Это только кажется, что работа журналиста-интервьюера проста. Мол, достаточно встретиться с т.н. "ньюсмейкером", задать ему под диктофон несколько вопросов, опубликовать расшифрованную стенограмму — и все! Наслаждайся теперь вниманием и восхищением заинтересованной общественности! Если читатель так думает, то читатель ничего не знает о трудной, сложной, воистину творческой работе журналиста-интервьюера!
Как это делается?
Конечно, интервью для начала надо все-таки взять.
И стенограмму затем лучше все-таки расшифровать.
Но кто сказал, что творческая работа на этом заканчивается?
И что полученный текст надо публиковать сразу и в нетронутом виде?
Так, конечно, делать нельзя.
Во-первых, наши читатели еще не доросли до понимания всего того, что ньюсмейкер говорит журналисту.
Во-вторых, сам интервьюируемый мог сказать не совсем то или же совсем не то, что на самом деле хотел сказать. Или что от него ожидали. Или что он должен был сказать.
Поэтому когда в руках творческого журналиста появляется стенограмма записанного интервью, то только тогда и начинается настоящая работа. Ибо интервью по своему жанру вовсе не является каким-нибудь диктантом, как кто-то мог ошибочно подумать. Интервью — это в лучшем случае изложение сказанного близко к тексту, а иногда и сочинение по мотивам сказанного.
Как делать интервью (краткая памятка для творческого журналиста).
1. Стенограмма интервью ("исходник") — это не икона, какую ни в коем случае нельзя трогать и на какую можно только молиться. Это по сути лишь "кусок пластилина", предназначенный для лепки настоящего творческого произведения.

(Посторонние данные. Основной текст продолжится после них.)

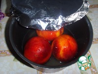 Выложить нектарины в огнеупорную посуду, залить горячим сиропом и накрыть фольгой. Запекать при темп. 180гр. 20 минут. |

2. Творческому журналисту из стенограммы интервью (как и скульптору из куска мрамора) надо "убрать все лишнее" — непонятное, сложное, не к месту сказанное, политически, морально или по каким-либо еще признакам некорректное.

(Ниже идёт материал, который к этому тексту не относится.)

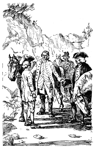 Поки я сидів і роздумував, з лісу долинули голоси людей і кінський тупіт, а незабаром на повороті з'явилися четверо подорожніх. Дорога в цьому місці була така вибоїста й вузька, що вони йшли поодинці пішки, ведучи коней на поводі. Попереду йшов високий кремезний рудоволосий пан з владним червоним обличчям; капелюха свого він тримав у руці й обмахувався ним, бо задихався від спеки. Другого, судячи з його чорного одягу та білої перуки, я цілком слушно взяв за правника. Третій був слугою і носив одяг із тартану, це доводило, що його господар – верховинець, який або перебував поза законом, або ж, навпаки, користувався особливою ласкою уряду, бо закон суворо забороняв носити такий одяг. Коли б я краще розумівся на таких справах, то знав би, що одяг з тартану носили слуги Аргайлів (або Кемблів). До сідла слуги була прив'язана велика валіза, а з кульбаки звисала сітка з цитринами для пуншу; саме так дуже часто тут подорожували багаті мандрівники.

3. Можно изменить порядок произнесенного — творческий журналист лучше знает правильную последовательность рассказа, в какой следует излагать слова ньюсмейкера. Можно изменить формулировки вопросов. Можно и ответ, данный на один вопрос, представить в виде ответа на другой.
4. Творческому журналисту следует заменить (естественно, только там, где это нужно) слова интервьюируемого — тот не вполне знает, какие слова на самом деле ему надо было говорить.
5. Творческому журналисту следует дописать для интервьируемого слова и предложения, какие тот на самом деле только хотел произнести, но случайно не произнес — потому ли, что не успел, не захотел, или не догадался.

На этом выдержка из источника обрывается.